# meg akarom nézni



## NagyKiss

What is the difference between the following sentences? Is the second sentence possible at all?

Meg akarom nézni ezt a filmet.
Akarom nézni ezt a filmet.


----------



## francisgranada

Both are correct. _Meg _gives a perfective aspect to the verb _nézni (to watch)_, so _megnézni _means something like "to see it all", "to have it seen" (these are not translations, of course, only my attempts to explain the difference ). 

Principially, this is similar to the Russian verbs with and witout prefix, e.g. смотреть - просмотреть, видеть - yвидеть ... (the verbs with prefixes are perfective).


----------



## NagyKiss

Well I have a general notion of what this prefix means, but I'm curious about these given sentences.

If I were to say "Akarom nézni ezt a filmet", would it mean something like "I'd like to take a look at this movie."?
But "Meg akarom nézni ezt a filmet" would mean - "I'd like to watch this movie (from start to finish)".


----------



## francisgranada

NagyKiss said:


> ...  If I were to say "Akarom nézni ezt a filmet", would it mean something like "I'd like to take a look at this movie."?


I'd say "I want to watch this film" in sense of a continuous action, not only "to have a look" (I don't know exactly when _take a look _is used in English).

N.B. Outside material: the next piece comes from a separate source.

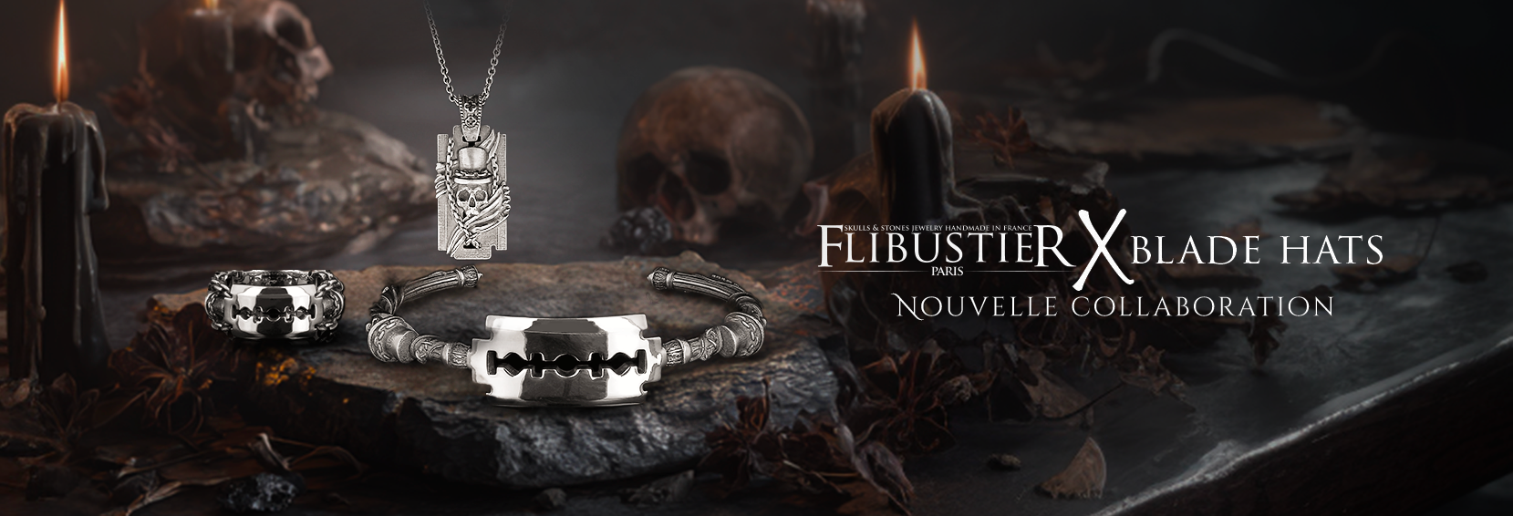 From its Galician workshops, Blade Hats styles the heads of Marilyn Manson, Slash, Alex Terrible, and The Wu. Its hats adorned with razor blades, chains, and burnt leather have become the signature of an entire international music scene. For our part, Flibustier shapes sterling silver jewels for modern pirates. This encounter between two artisans passionate about metal (music & material) has given birth today to the Mad Hatter Collection : three pieces inspired by Blade Hats' wardrobe—theatrical drapes, dangling chains, sharp razor blades—and enhanced with Gothic details reminiscent of the Cathedral of Santiago de Compostela, a legendary stop on our travels.

For example:

"Mit csinálsz most?" (What are you doing know?) - "Nézem a filmet" (I'm watching the film)
"Gyere velem ..." (Come with me ...) - "Most nem megyek, mert akarom nézni ezt a filmet" (Now I don't go because I want to watch [see?] this movie)


> But "Meg akarom nézni ezt a filmet" would mean - "I'd like to watch this movie (from start to finish)".


Yes.


----------



## NagyKiss

Yeah maybe "take a look" is not a good example. But thanks anyway, it's more clear now!


----------



## francisgranada

Simply, _nézni _is a "continuous action" as also _hallgatni _(to listen), _beszélni _(to speak) etc. In other words, _Akarom nézni ezt a filmet_ means something like _I want to be watching this movie _(I'm not sure if this sentence sounds natural in English in this context, but it is another question ...).


----------



## Encolpius

NagyKiss said:


> What is the difference between the following sentences? Is the second sentence possible at all?
> 
> Meg akarom nézni ezt a filmet.
> Akarom nézni ezt a filmet.



The second sentence sucks..grammatically completely correct, but it is hard to imagine a situation you would use it... maybe a 4-year old child would use it...

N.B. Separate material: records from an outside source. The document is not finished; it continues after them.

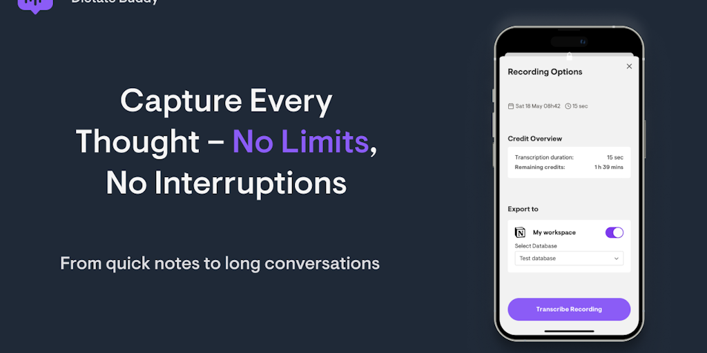 Dictate Buddy is a powerful speech-to-text app that uses Whisper AI for accurate transcription. But also let you connect your Notion account to seamlessly export your transcriptions and organize your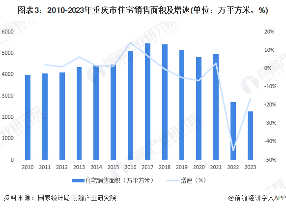从住宅销售面积来看,2010-2021年,重庆市住宅销售面积呈小幅波动状态。2022年重庆市住宅销售面积大幅下降至2723.0万平方米。2023年,重庆市住宅销售面积继续下降至2268.9万平方米。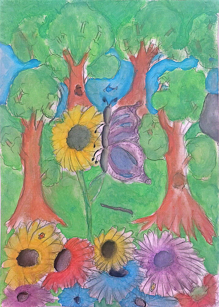 Das Kunstwerk des Monats Oktober wurde von Lana B. aus dem 5. Jahrgang gestaltet. Ihr farbenfrohes Bild zeigt einen lebendigen Urwald, in dem Komplementärkontraste und verschiedene Tiere zu entdecken sind.

These sentences sound nicer and I'd personally prefer them: 
- 'Meg szeretném nézni ezt a filmet. 
- Szeretném 'nézni ezt a filmet, drágám! (your wife is talking to you and you wran her you would like to watch the movie, so she stops)

(check also the stress I marked)


----------



## Zsanna

I agree with Encolpius there: it is not easy to imagine a situation in which the sentence could be used and that partly because of the "ezt"... If we insist on having it in the sentence, the conditional (with _szeretném_ - see above) offers itself naturally.

However, without the demonstrative: "Akarom nézni a filmet!" could be said (with or without a certain amount of annoyance) if somebody tried to distract you (even if in a friendly way) repeatedly and you wanted to make him understand that you are serious about wanting to watch the film that is on the screen. 
I think it is somewhat typical (to our metality) that a direct sentence like this can be said without being impolite and it may even express more the speaker's distress than an "irrefutable authority" (that the sentence may suggest). 
I could imagine only a child saying this sentence (maybe accompanied by stamping is feet) and believing that the world is interested to know what he wants...


----------



## francisgranada

Encolpius said:


> The second sentence sucks..grammatically completely correct, but it is hard to imagine a situation you would use it... maybe a 4-year old child would use it...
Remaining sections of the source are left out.